Ресторан, выбранный профессором Росси, располагался на первом этаже палаццо XV века. Интерьер с потускневшими зеркалами и старинными картинами создавал теплую, располагающую атмосферу. Войдя, я сразу пожалела, что одета не так, как нужно. Мой наряд совершенно не сочетался с флорентийской элегантностью профессора: под его темным пальто обнаружился стильный американский пиджак из твида, широкие бежевые брюки и итальянские ботинки, которые, несмотря на спортивный вид, были сделаны на заказ. Мои джинсы и пятнистый флисовый свитер выглядели в этом заведении так же чужеродно, как полярный исследователь при версальском дворе. Я боялась, что профессор почувствует себя неловко. Все-таки я слегка привела себя в порядок перед зеркалом, распустила скрепленные заколкой волосы и, призвав на помощь надменность, которую прививала мне мама, смело зашагала под люстрами ресторанных залов, словно ничем другим в жизни не занималась.
Шторы на всех четырех окнах были отдернуты, однако на столах горели маленькие лампы. Посетители — человек двадцать, не больше — молчаливо сидели за пятью столиками, отстоявшими довольно далеко друг от друга. Мы сделали заказ, Росси водрузил на нос крохотные очочки в золотой оправе и по-особому взглянул на меня. Я бы назвала такой взгляд академическим: глубоко проникающий, но взвешенный и спокойный. Похоже, эта способность была у профессора не врожденной, а приобретенной за долгие годы преподавания. Взгляд не был выпытывающим, не содержал ни следа упрека, однако я на несколько мгновении почувствовала себя не в своей тарелке — словно профессор экзаменовал меня или догадался, что я скрываю от него кое-что, и теперь ждал, пока я расскажу все по своей воле.

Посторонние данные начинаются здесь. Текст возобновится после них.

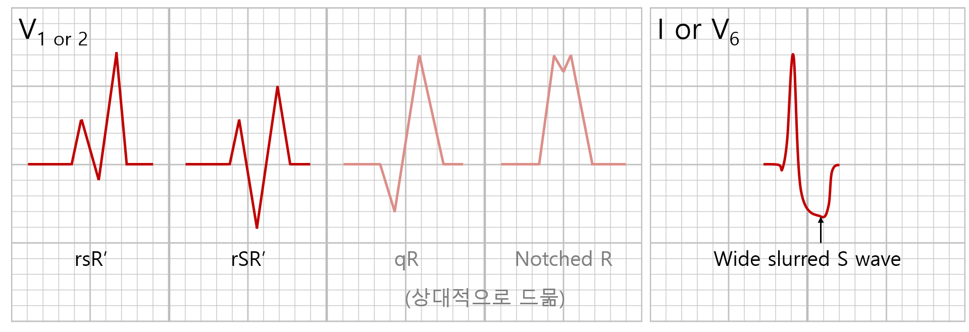 • V1의 rsR', rSR' • V6의 qRS + wide/slurred S wave | • 무증상 + 동반질환 없을 시 경과관찰 | |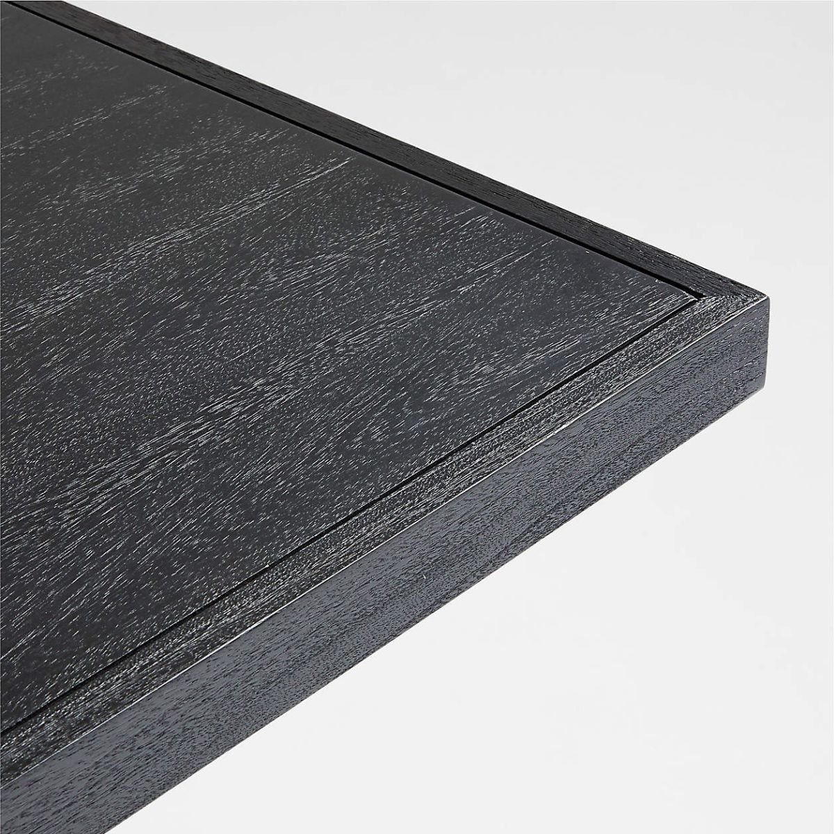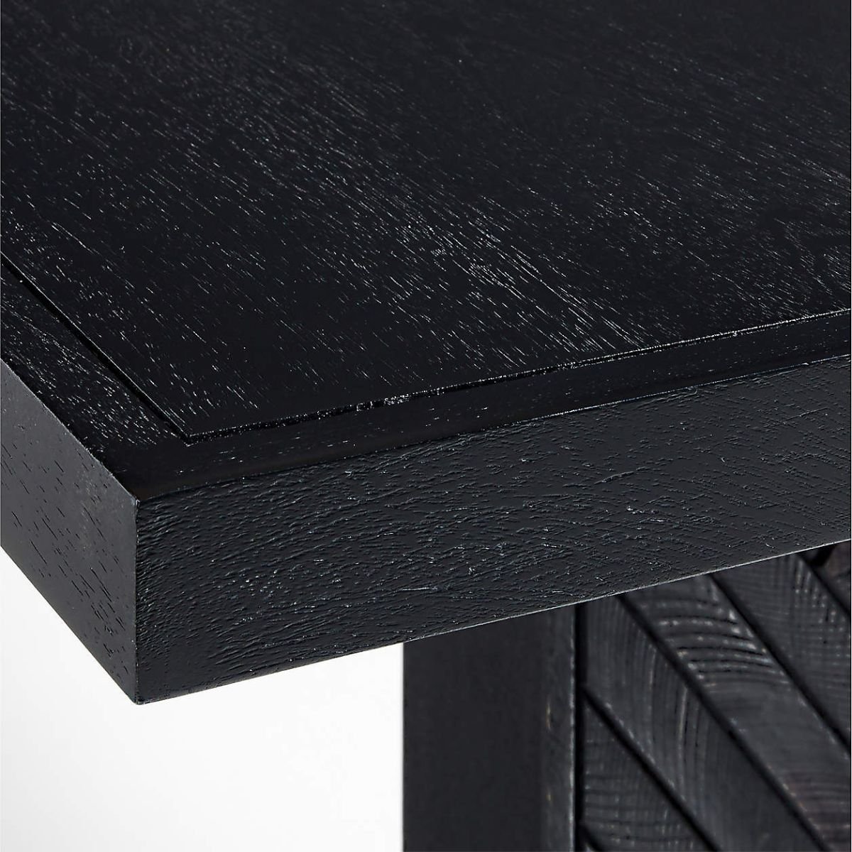 Using traditional parquetry techniques, skilled woodworkers add artisan rusticity to our clean, contemporary Duke Solid Wood Black 8-Seater Dining Table. Bringing geometric complexity to the table’s slab legs, each piece of solid wood is carefully cut and inlaid by hand to create a modern mosaic of angled lines. Wire brushing and an ebonized finish give the table a bold and rustic look.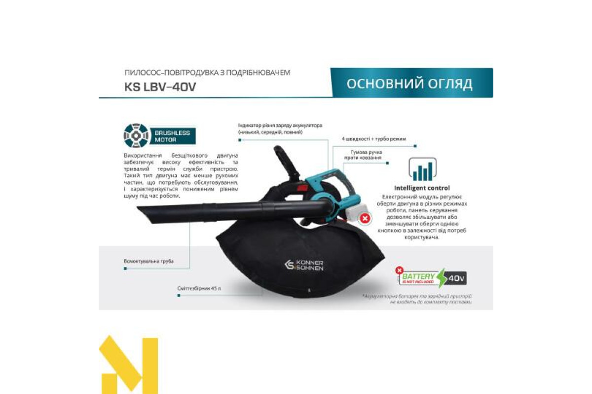 Документація Пилосос-повітродувка садова акумуляторна Konner&Sohnen KS LBV-40V (без АКБ та ЗП)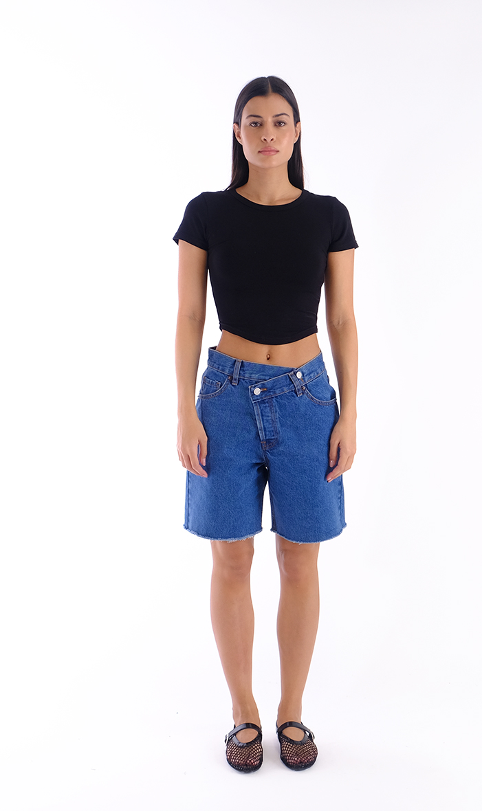 Τζιν σορτς με ασύμμετρο κούμπωμα.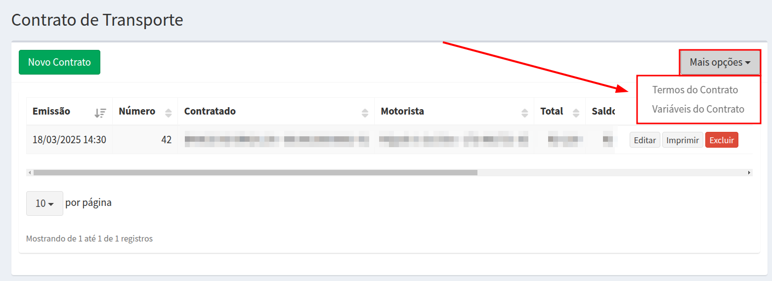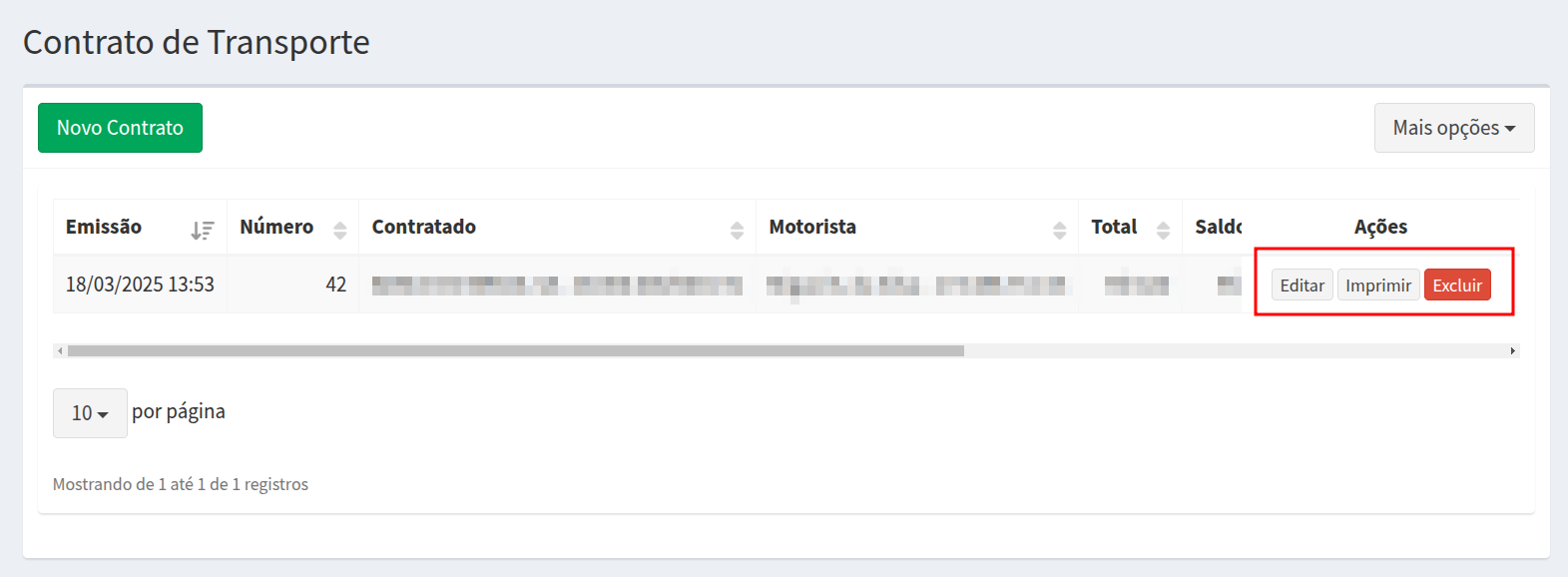 Depois de salvo, você verá uma lista com os seus Contratos de Transporte, onde pode editar, imprimir ou excluir, conforme mostra a imagem abaixo.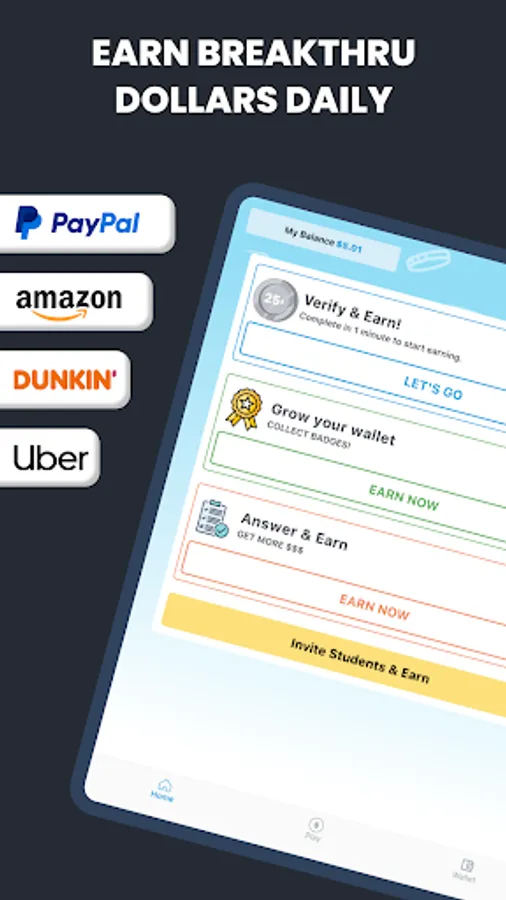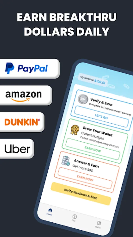 - Financial Resources and Wellness: Looking to fund your education? Earn Breakthru dollars on the app in under five minutes.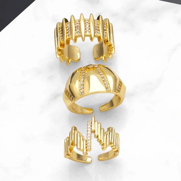 تصفية المنتجات الأوروبية والأمريكية الجديدة مطعمة خاتم الزركون الإناث المتخصصة هندسية نجمة خاتم مفتوح المجوهرات rir14
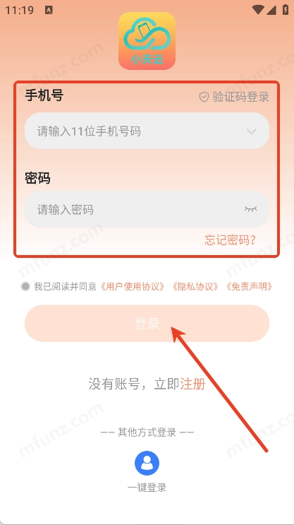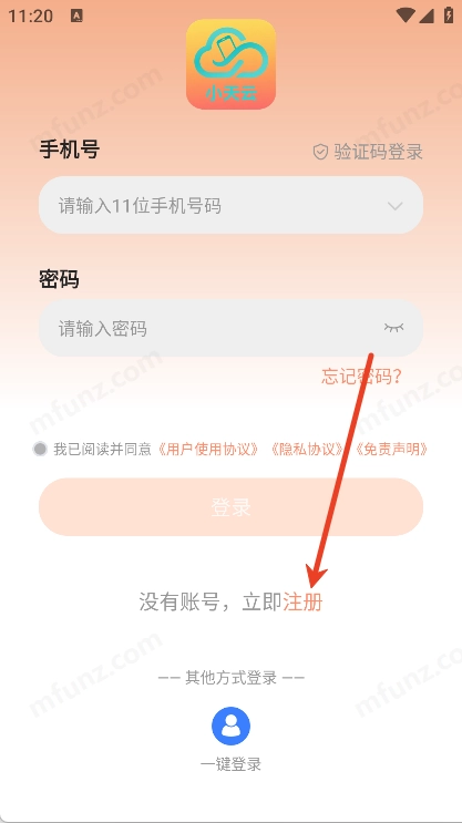 小天云手机怎么登录/注册账号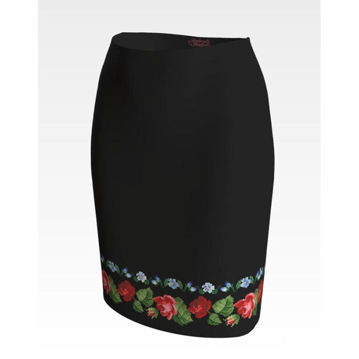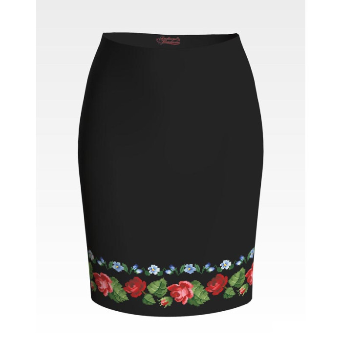 Заготовка для вишивки жіночої спідниці Троянди і незабудки призначена для часткової зашивки бісером або нитками. Схема надрукована на шовковій тканині чорного кольору екологічно чистими стійкими фарбами, що не змиваються після прання. Відрізи розкроєні з урахуванням запасів для зручного вишивання та подальшого пошиття виробу.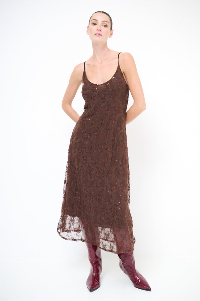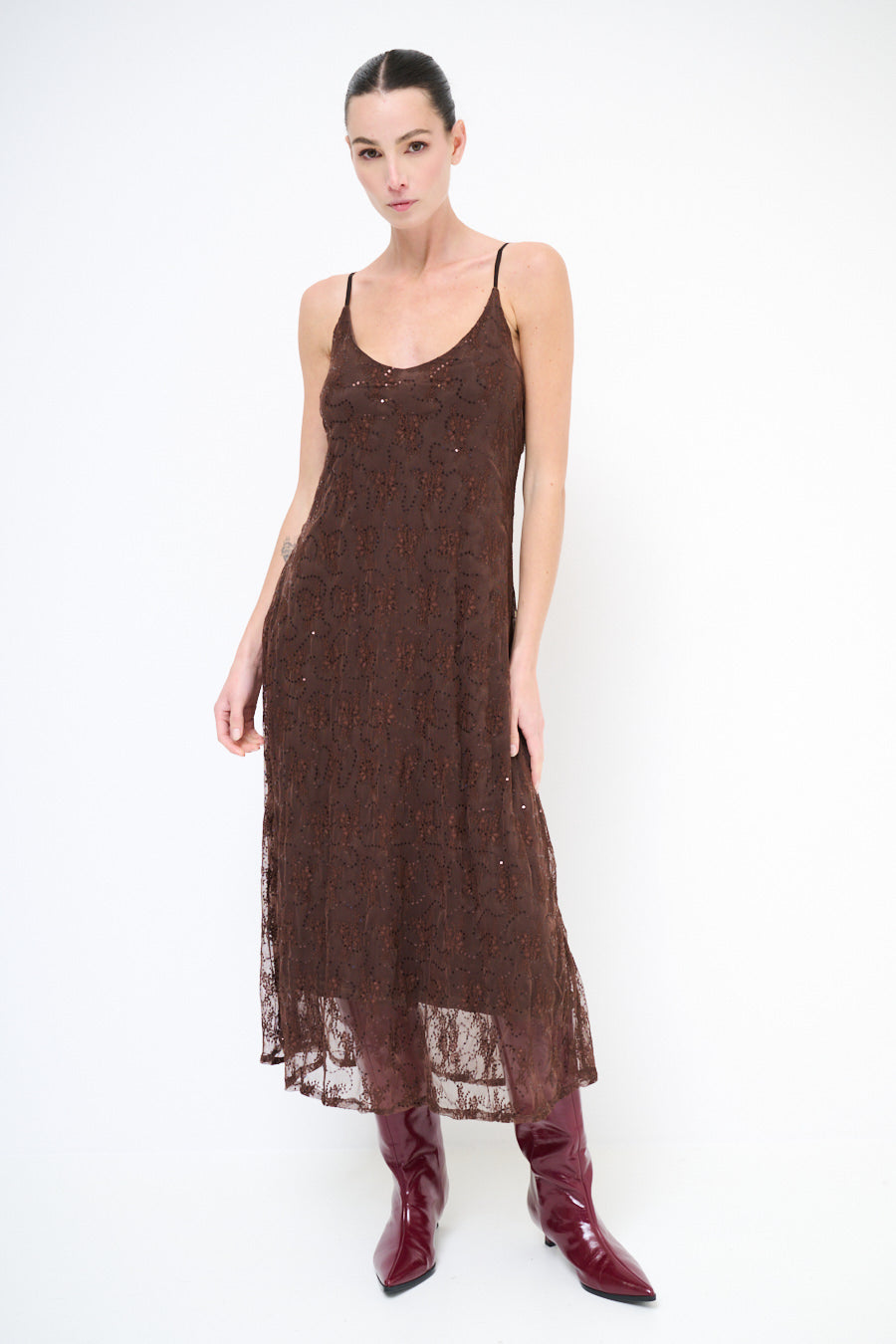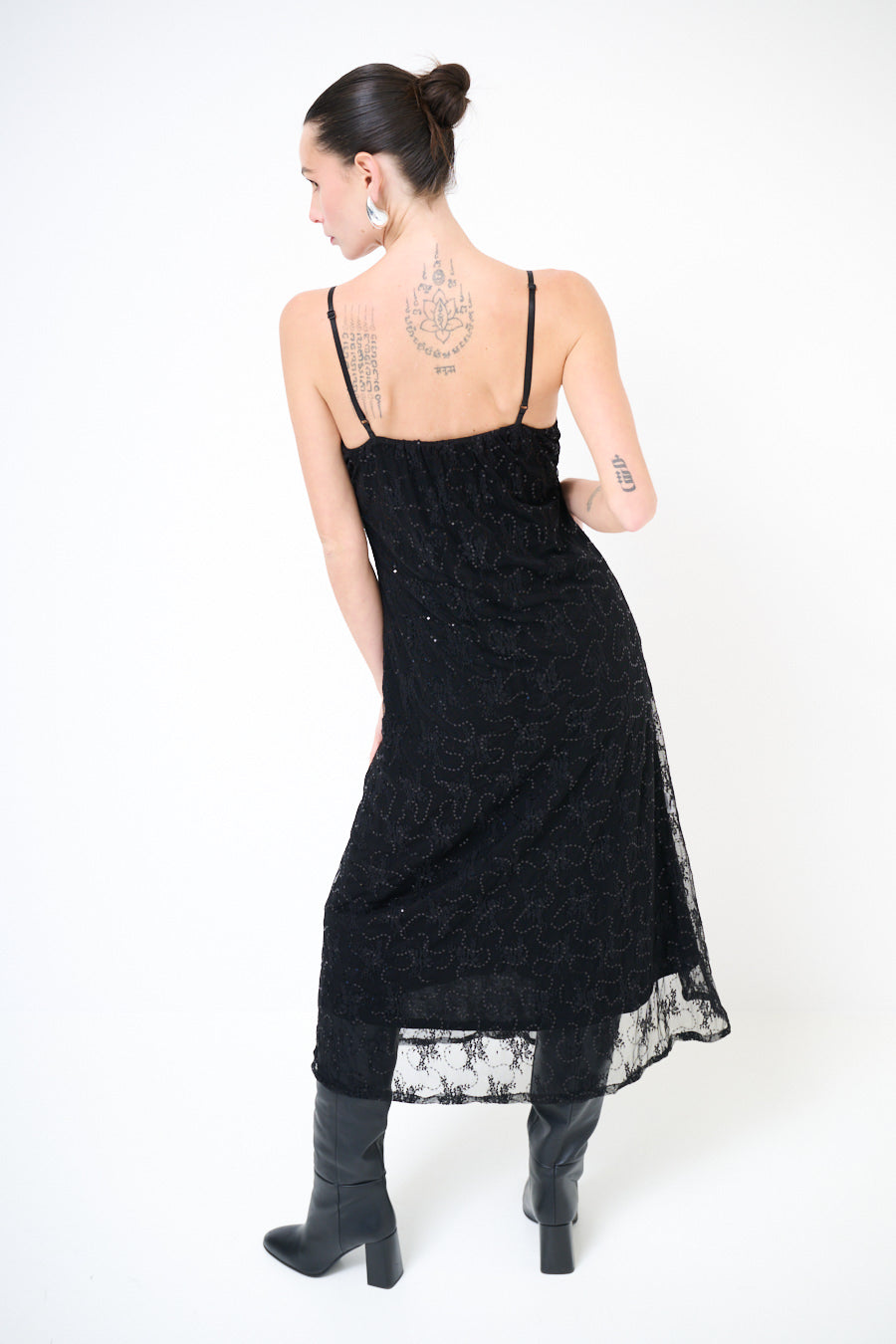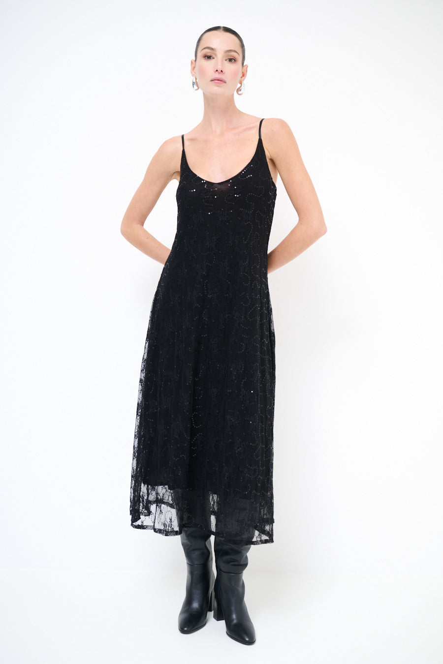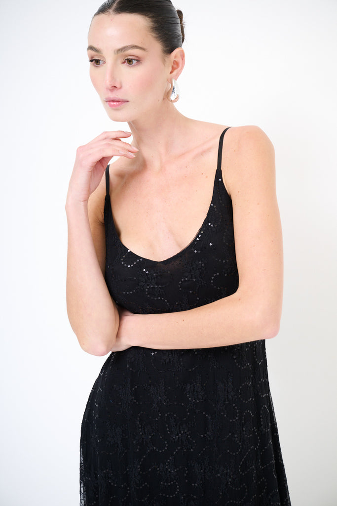 Sequins embellished sheer-layer strappy midi dress wholesale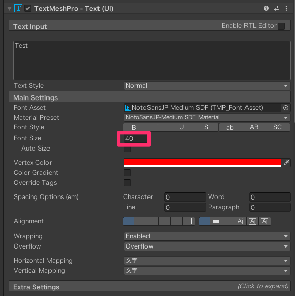 するとフォントサイズを入力する欄が緑色になり言語毎の設定対象となります。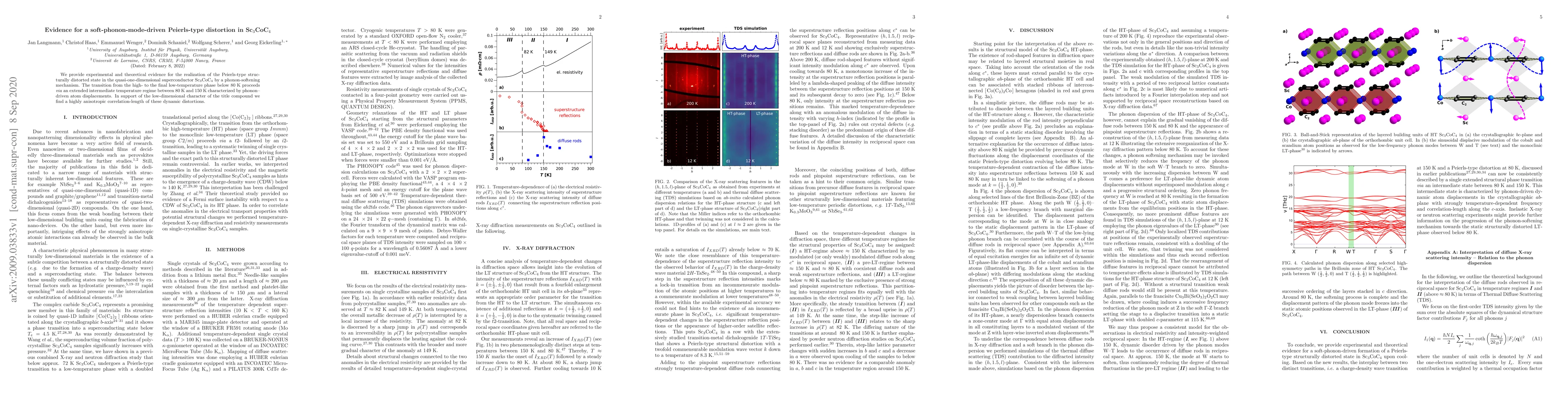 The research presents evidence for a Peierls-type structural distortion in Sc_3CoC_4, a quasi-one-dimensional superconductor, driven by a soft phonon mode. The transition from high to low temperature phase occurs via an intermediate regime (80K-150K) with phonon-induced atomic displacements, supporting the compound's low-dimensional character through highly anisotropic correlation-length of dynamic distortions.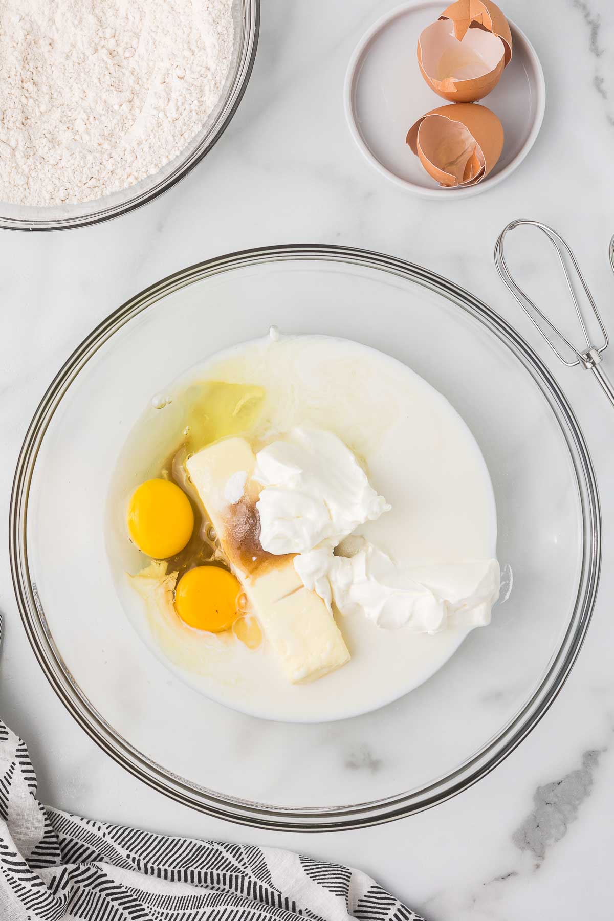 Step 3: Combine the softened butter, sugar, sour cream, milk, eggs, and vanilla in a large bowl. Mix well.

Когда нас больше не стесняло присутствие официанта — Росси сидел в торце стола, спиной к окну, я напротив него, — я впервые поведала ему о новом направлении, которое приняла моя работа после знакомства с тетрадями Пьерпаоло Мазони.
— Не понимаю, почему источник первостепенной важности выдают так неохотно, — пожаловалась я, вспоминая, сколько пришлось хлопотать профессору, пока начальник Управления по делам художественного наследия не разрешил мне ознакомиться с записями.
— Это очень ценный материал, — возразил Росси, соблюдая подобающую профессору дистанцию в общении. — Имей в виду, что пергамент крайне хрупок и портится не только от прикосновения, но и от света. Кроме того, Флоренция с трудом заполучила эти записи. Архивариус короля Георга Третьего обнаружил двенадцать тетрадок в Кенсингтонском дворце, но в Итальянский государственный архив они попали только в тысяча девятьсот пятом, причем пришлось выдержать тяжбу с Ватиканом, тоже заявлявшим на них права.
— Вы сказали «двенадцать»? — поразилась я.
— Да. А почему это тебя удивляет?
— Синьор Торриани принес мне только девять.
Взгляд собеседника слегка затуманился, будто профессор рылся в памяти: сопоставлял факты или что-то считал. Такое за ним водилось нередко.
— Невозможно, — сказал он через несколько секунд тоном, не допускающим сомнений. — Проверь. Должно быть, в каталоге ошибка.
Пошел мелкий дождик, покрывая каплями оконное стекло. Шелест дождя подчеркивал тишину и изысканность обстановки: высокие хрустальные бокалы, бледно-розовая скатерть, бесшумно-приветливые официанты, которые то и дело появлялись и исчезали, унося и принося блюда, подливая нам вина. И конечно, не только из-за дождя, но и из-за превосходнейшего «Монте-Вертине» 93-го года слова профессора Росси становились все более пылкими, изменился даже голос.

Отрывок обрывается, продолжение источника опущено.